In the UI I do have a filter set for namespace = argo – but then again we do everything in that namespace and all workflows show up here, and it used to work in previous versions or argo, so not sure how this would affect anything.

I looked at the cookies and there's four cookies set: authorization, _ga_E659EW9J25, _gcl_au, and _ga.

scravy avatar Sep 28 '22 20:09 scravy

It also happens to me. When you first load the workflow page in the UI it does not show all the workflows available but if you wait like 20 or 30 seconds they suddenly appear (without touching anything in the UI during the wait). Access directly to the URL of a specific workflow works fine always, this only happen in the list view. I'm not sure about the root cause but it seems more related to the UI than the server.

ese avatar Oct 03 '22 12:10 ese

When you refresh the list view, do they appear as expected?

terrytangyuan avatar Oct 03 '22 15:10 terrytangyuan

@scravy Is it working as expected on v3.3?

sarabala1979 avatar Oct 03 '22 17:10 sarabala1979

When I refresh the page it always show the list incomplete and after some time it loads all the workflows.

I noticed the issue is calling this endpoint:

https://argo/api/v1/workflow-events/argo-workflows?listOptions.fieldSelector=metadata.namespace=argo-workflows&fields=result.object.metadata.name,result.object.metadata.namespace,result.object.metadata.resourceVersion,result.object.metadata.creationTimestamp,result.object.metadata.uid,result.object.status.finishedAt,result.object.status.phase,result.object.status.message,result.object.status.startedAt,result.object.status.estimatedDuration,result.object.status.progress,result.type,result.object.metadata.labels,result.object.spec.suspend

As soon as this error appears in the browser console the UI loads all the workflows.

image

ese avatar Oct 03 '22 21:10 ese

@terrytangyuan No, they do not appear when the list view is refreshed.
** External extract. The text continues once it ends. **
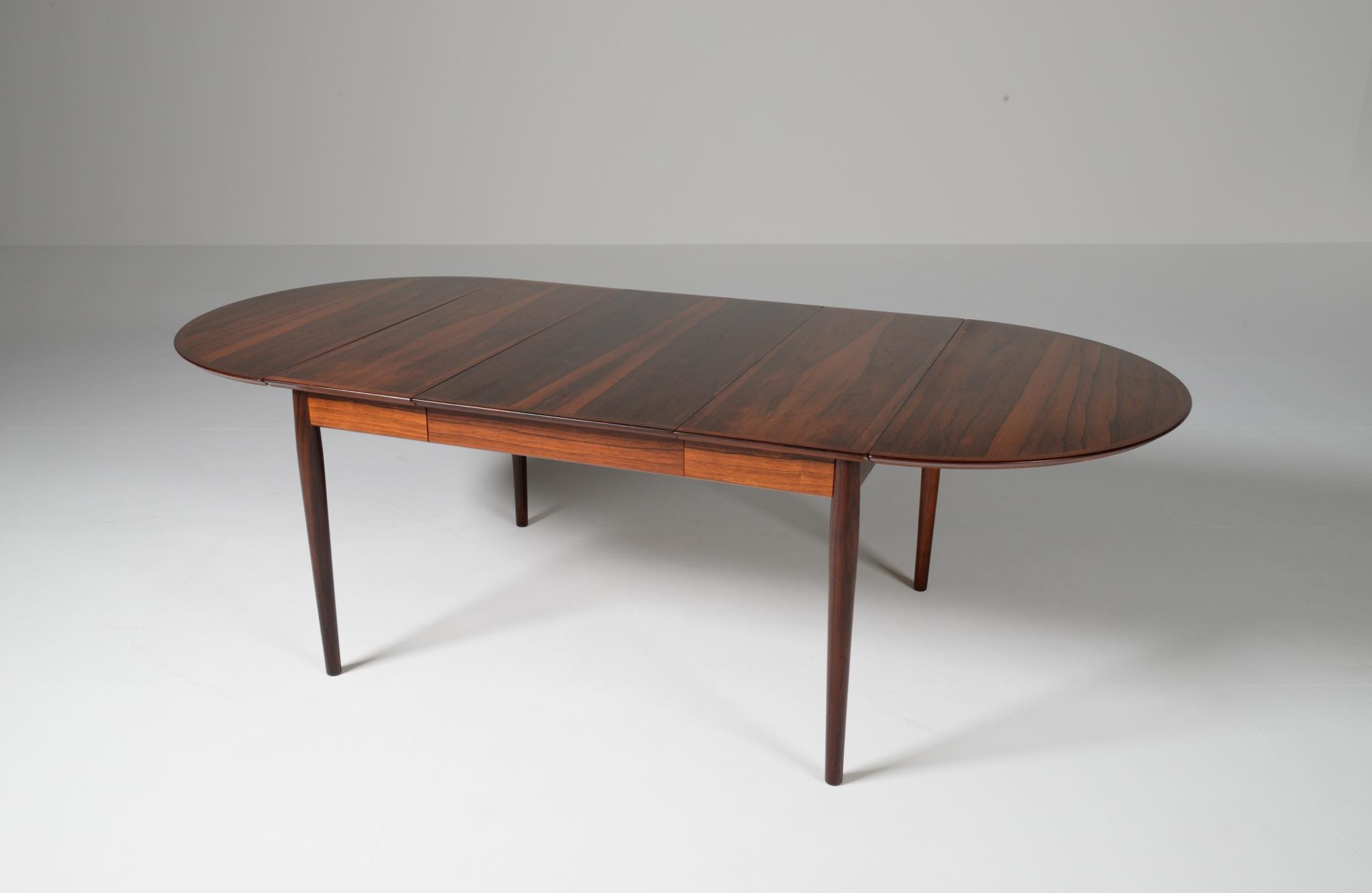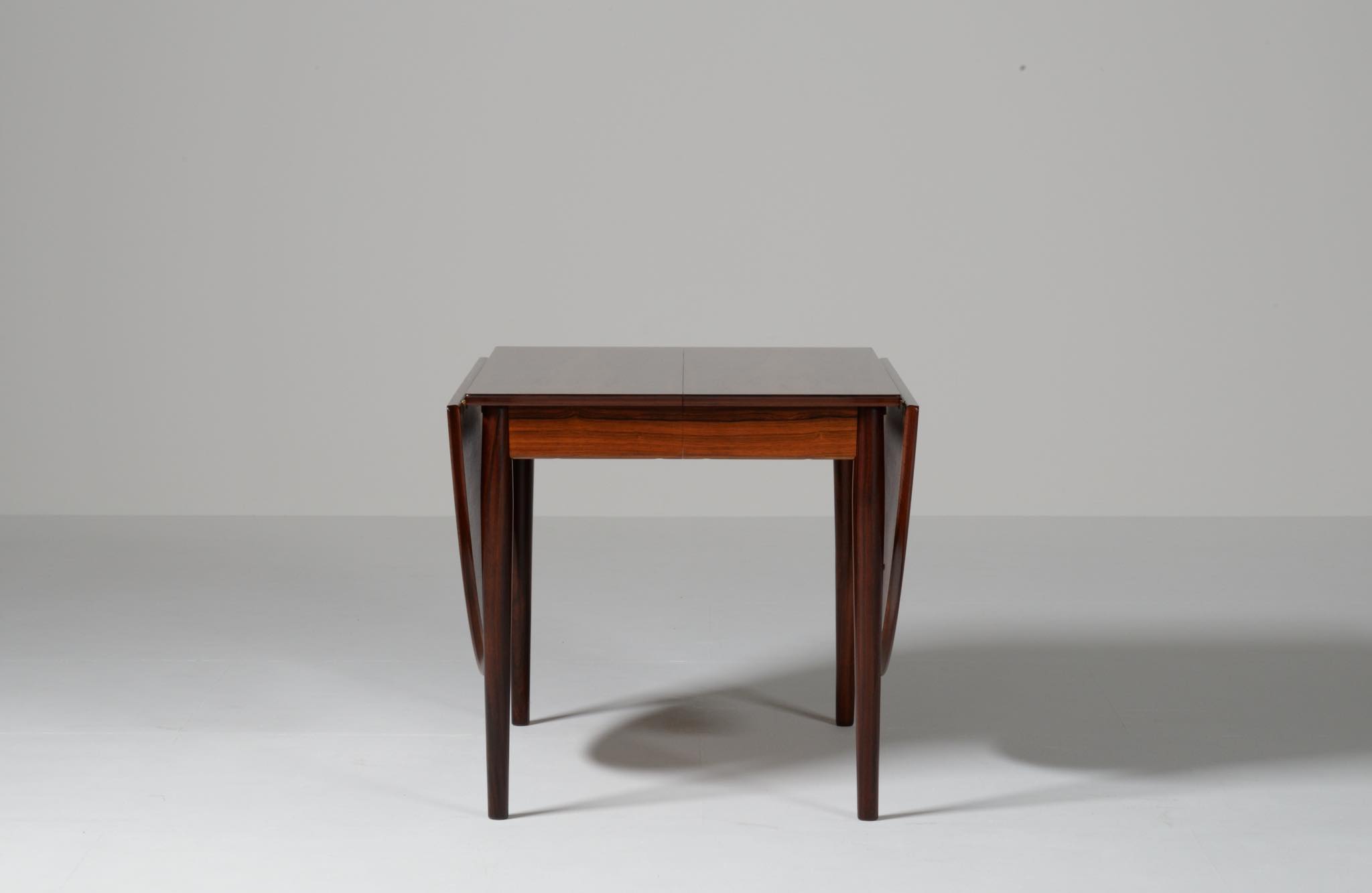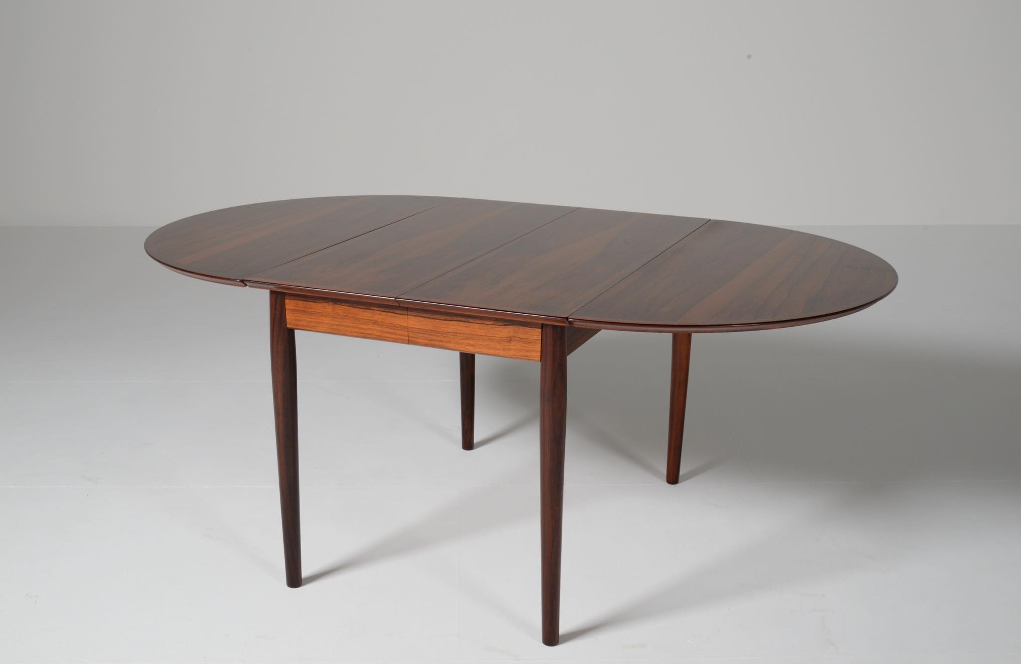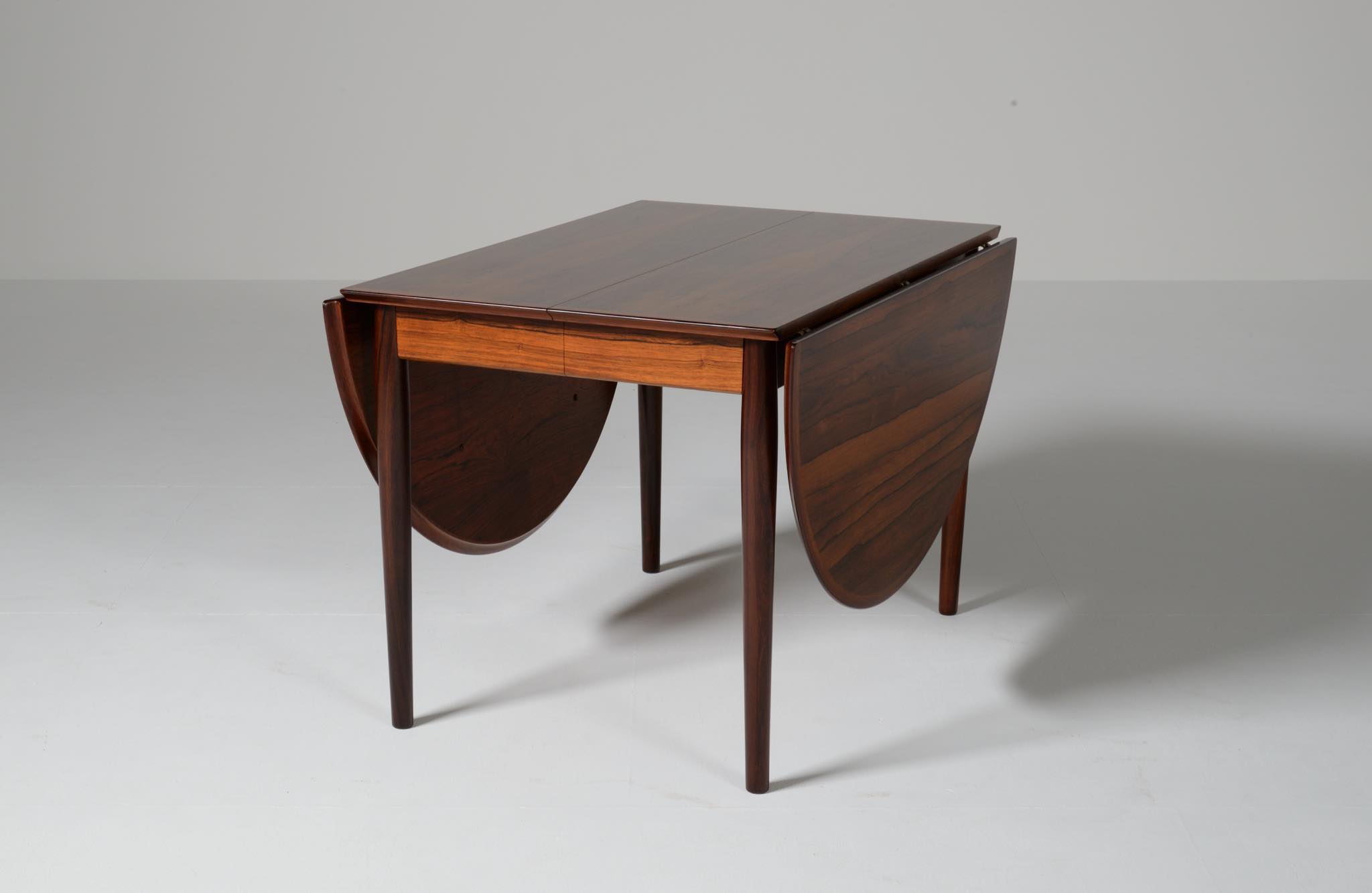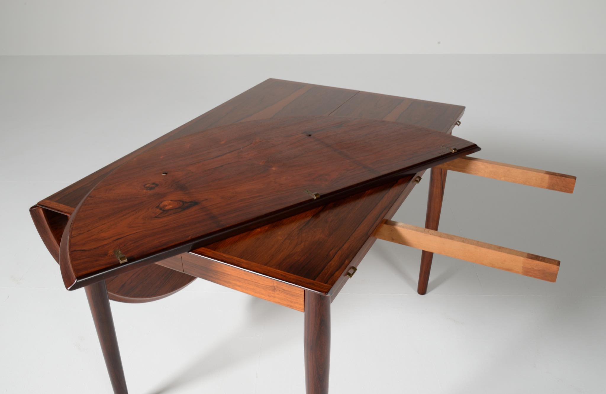 1960年代に活動したデンマークを代表する家具デザイナー、Arne Vodder/アルネ・ヴォッダーによるバタフライスタイルのダイニングテーブルです。シバストファニチャー社によって1960年代に作られたもので、ブラジル原産と思しきローズウッド材が用いられており、しっかりとした作りのものです。側面に提げられたリーフは取り外すことが可能です。また、天板の中心にエクステンションリーフを挿入することができ、4段階でのサイズ変更が可能です。表面の塗膜に劣化が見られたため再塗装を施しました。コンディションは良好です。

On the contrary: When they appear and you then refresh they are gone again. Until the workflow transitions to a new node and pops up again.

@sarabala1979 We actually made a version jump from 3.1 where it used to work to 3.4 where it doesn't. I can try setting up a 3.3 later today and see whether the problem exists or not.

@ese On my installation I do not actually see any errors in the UI / dev console. As I mentioned above once a workflow event comes in the workflow is shown, but not all workflows. Are you sure all missing workflows are being shown once you hit that error?

scravy avatar Oct 04 '22 05:10 scravy

Seeing the same issue. After I enqueue some workflows (and while they stay in the "Pending" state), they are not initially displayed when I open the list view. After some time they appear (as "Pending"). If I refresh the page, they are gone again. kubectl get workflow and argo list correctly show those disappearing workflows as Pending.

We upgraded from 3.3.8 to 3.4.1 recently.

tonyo avatar Oct 05 '22 14:10 tonyo

I setup a 3.3 on our dev cluster and things work as expected. Both 3.4.0 and 3.4.1 show the regression as described here.

scravy avatar Oct 12 '22 09:10 scravy

This issue has been automatically marked as stale because it has not had recent activity. It will be closed if no further activity occurs. If this is a mentoring request, please provide an update here. Thank you for your contributions.

stale[bot] avatar Oct 29 '22 05:10 stale[bot]

Bumping this issue. Also: https://drewdevault.com/2021/10/26/stalebot.html I do agree. This is an open source project. I am investing time in reporting and helping analyze this issue. And then I am told "you didn't fix this yourself, bugger off, we mark this as stale and will close/dismiss it eventually".

scravy avatar Nov 02 '22 10:11 scravy